Public cloud migration marked a significant technological advancement for businesses across the world by making powerful infrastructure instantly available at limitless scale. The cloud also makes data accessible from anywhere and decreases the need for ongoing hardware maintenance and specialized staff. As more businesses consider moving away from the cloud, it raises an important question – isn’t this a technological step backward?
In many ways, undoubtedly. The key drivers behind this trend include major concerns over data security, changing government regulations and cost economics. While the cloud offers scalability and flexibility, countless high-profile data breaches have made businesses wary of the shared responsibility model, where cloud providers make no promises for the security of the data itself. Without better protections and new operational efficiencies, many enterprises see no option but to bring some workloads back on-premises.
With the rise of cyber attacks like ransomware, enterprises have a renewed focus on backup and recovery. The public cloud makes it fast and easy to store a copy of data offsite, isolated from natural disasters or local network intrusions. This increases the chances of retaining a clean copy of data to recover from.
Also, with up to 20% annual growth in enterprise data volume, storing backups in the cloud can be a cost-effective alternative to adding racks and racks of storage appliances.2 Since backup data is rarely accessed, egress fees are relatively minimal. In disaster scenarios, the cost of retrieval is far outweighed by the value of restoring operations quickly.
Storing a copy of data offsite in the cloud is a great option – but what if the cloud is breached? The answer is cyberstorage, an emerging trend for protecting sensitive data. Gartner defines cyberstorage as a combination of cybersecurity and data storage that uses active defense measures to secure unstructured data. Emerging technologies, such as a Private Data Harbor, are quickly changing the landscape of how cloud data is protected from ransomware, exfiltration, and accidental misconfiguration. It captures all of the best parts of the public cloud, with the security and control of a private cloud.

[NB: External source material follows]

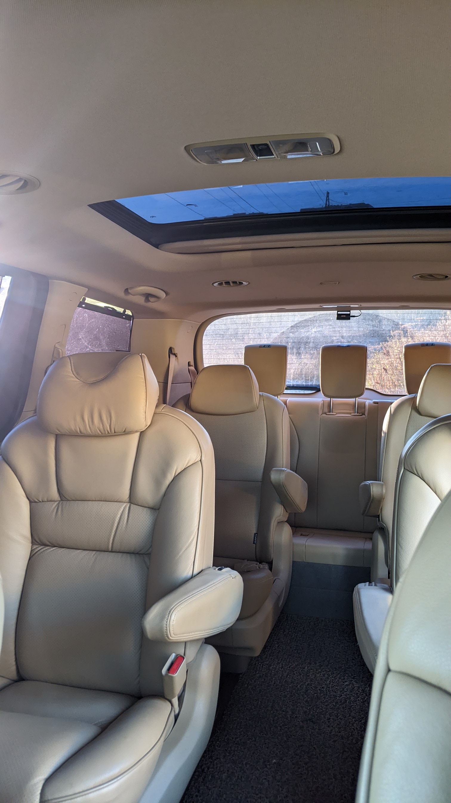 Поездка осуществляется на комфортабельном минивене Kia Carnival c 5 индивидуальными (капитанскими) пассажирскими креслами и отдельным климат-контролем для пассажиров. При необходимости раскладывается дополнительный 4 ряд на 3 детских кресла.

The Data Harbor fragments encrypted data and scatters it across multiple cloud providers, so it becomes nearly impossible for anyone other than the rightful owner to reconstruct any meaningful data. By optionally mirroring the fragments, additional security benefits such as self-healing and 100% uptime are possible.
This allows businesses to harness the immense storage and compute power of the public cloud, while ensuring that their data is protected as if it were inside of their own datacenter. In the face of escalating cyber threats that have businesses searching for a way to ‘batten down the hatches,’ the Data Harbor offers a giant leap forward.